These are Mary’s hot cross buns and they ARE gorgeous – really fruity and beautifully spiced with cinnamon and mixed spice. They look fab as well with the golden syrup glaze. I would recommend them but only if you’re having a relaxing day at home, enabling you the luxury of lots to time to revisit the kitchen several times. They’re not difficult, just take some time but very lovely and worth the time.
Makes 12 large buns or 18 medium-sized
What you need…
1 x electric mixer fitted with a dough hook!!!!
2 x baking sheets, lined with Bake O Glide/ baking paper
1 x piping bag fitted with a fine 3mm nozzle (for the crosses)
500g strong white flour, plus extra for dusting
75g caster sugar
2 teaspoons mixed spice
1 teaspoon ground cinnamon
Grated zest of 1 lemon
10g fast-action dried yeast
1 egg, beaten
50g chopped candied peel
Olive oil for greasing
for the topping
75g plain flour
2 tablespoons golden syrup
What to do…
In separate saucepans, gently melt the butter and also warm the milk, just to tepid.
Meanwhile, into your mixer, chuck the flour, sugar, spices, lemon zest, salt and yeast. Put the mixer onto a slow speed and blend the ingredients together.
Add the melted butter, half the warm milk and the egg and mix until all the ingredients are blended. Add a little milk at a time now and keep checking the blend – the dough needs to come together and be on the wet side, rather than dry. You might not need all the milk. I reckon I had about 50mls that was not required.
Once you’re happy with the dough, add in the sultanas and candied peel and let the mixer do its thing on a low speed for 10 minutes, at which point the dough will be silky and elastic. Turn it out onto a lightly floured work surface and give it a couple of kneads, just to get it into a ball shape.
Smear olive oil all around the inside of a nice roomy bowl, pop in your dough, cover with cling film and then leave it somewhere warm for 1½ hours or until doubled in size. (I put mine underneath the kitchen radiator).
Turn the dough out onto a lightly floured surface and knead for 5 minutes. Return to the bowl, re-cover with cling film and leave in your chosen warm place for a further hour.

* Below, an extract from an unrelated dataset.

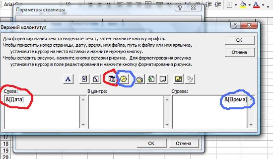 Для того, чтобы установить дату или время печати документа в Excel в верхней или нижней части страницы необходимо использовать колонтитулы. Читайте о том, как установить верхний и нижний колонтитулы. Установим дату и время печати в верхней части страницы. Для этого откроем "Колонтитулы" и выберем Активизируем нужное окошко ("Слева", "В центре" или "Справа") и нажмем на соответствующие кнопочки: для того, чтобы установить дату - на кнопку, обведенную красным цветом, время - на кнопку, обведенную синим цветом:

Turn the dough out again onto your floured surface and divide into 12 or 18 equal parts, depending on whether you want large or medium-sized buns. Shape each 1 into a ball and pop them onto the baking sheets, flattening them slightly.
Slip the baking sheets into a large polythene bag (I used large shopping bags) making sure that the bag doesn’t touch the buns – they’ll stick! Leave for a further hour until the buns have doubled in size.
Meanwhile, preheat the oven to 220°c / 425°f / gas 7.
To make the crosses, mix together the water and plain flour to make a paste; then spoon into the piping bag.
When the buns have risen, remove from the bags and pipe a cross on top of each one. Pop the buns in the oven bake for 15 – 20 minutes until pale golden brown (I overdid mine a bit!)
Finally, melt the golden syrup in a pan and, whilst the buns are still warm, brush the top of each one to give them a lovely – sticky – shine. Cool on a wire rack and then dig in to your Easter hot cross buns – they are lovely and worth the return trips to the kitchen!
They are not difficult at all, particularly if you have an electric mixer. But they do tie you to the house for quite a while so your schedule needs to be such that you can pop back into the kitchen to complete the 3 stages. Absolutely worth it if you have the time.